Puis c’est l’heure de la pause, le goûter bien mérité est offert par la ville de Brest.

Et c’est reparti pour un tour, on joue une seconde fois tous les morceaux. Tout le monde est plus détendu, joyeux. Vers midi, la fête s’arrête et les enfants, heureux, regagnent leur école à pied ou attendent le car qui va les ramener.

Gilles sort un petit vin blanc bien frais pour nous remettre des émotions du matin. Françoise et Véronique ont préparé un pique-nique copieux. Faut dire que Robert, l’homme au chromatique, a un bon coup de fourchette… Après un petit café au bar des sports, on se remet en place pour accueillir le groupe des " grands ". L’après-midi, c’est memestra , avec en prime certaines classes qui ont travaillé les danses sur des pas différents. Vers 16h, nous terminons sur un cercle circassien.

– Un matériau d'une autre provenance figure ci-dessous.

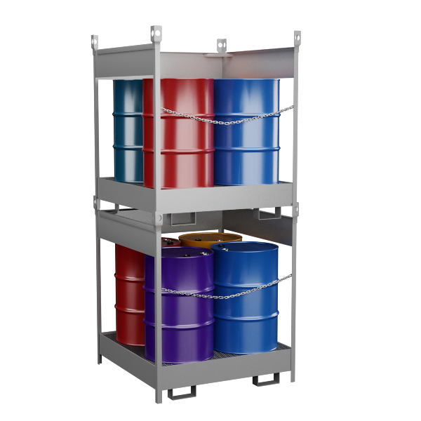 - Предназначен для хранения и транспортировки двух бочек с техническими жидкостей, а также сбора таких жидкостей в специальный контейнер при их случайном пролитии.

Les organisateurs parlent déjà d’un autre ou de d’autres bals bretons, à Landerneau, ou à Brest, et pourquoi pas sur la place de la Liberté ?

Bob range sa sono, la salle se vide. Le premier bal breton finistérien a vécu, place au suivant !

Comme les accordéons sont encore chauds et qu’on a du mal à se quitter, on descend sur le port de commerce jouer quelques airs marins autour des bateaux, près de l'Etoile et des peintres de la marine qui sont venus dédicacer leurs livres. On se quitte. Le fond de l’air est encore chaud, le soleil nous aura accompagné toute la journée, toute cette Belle journée.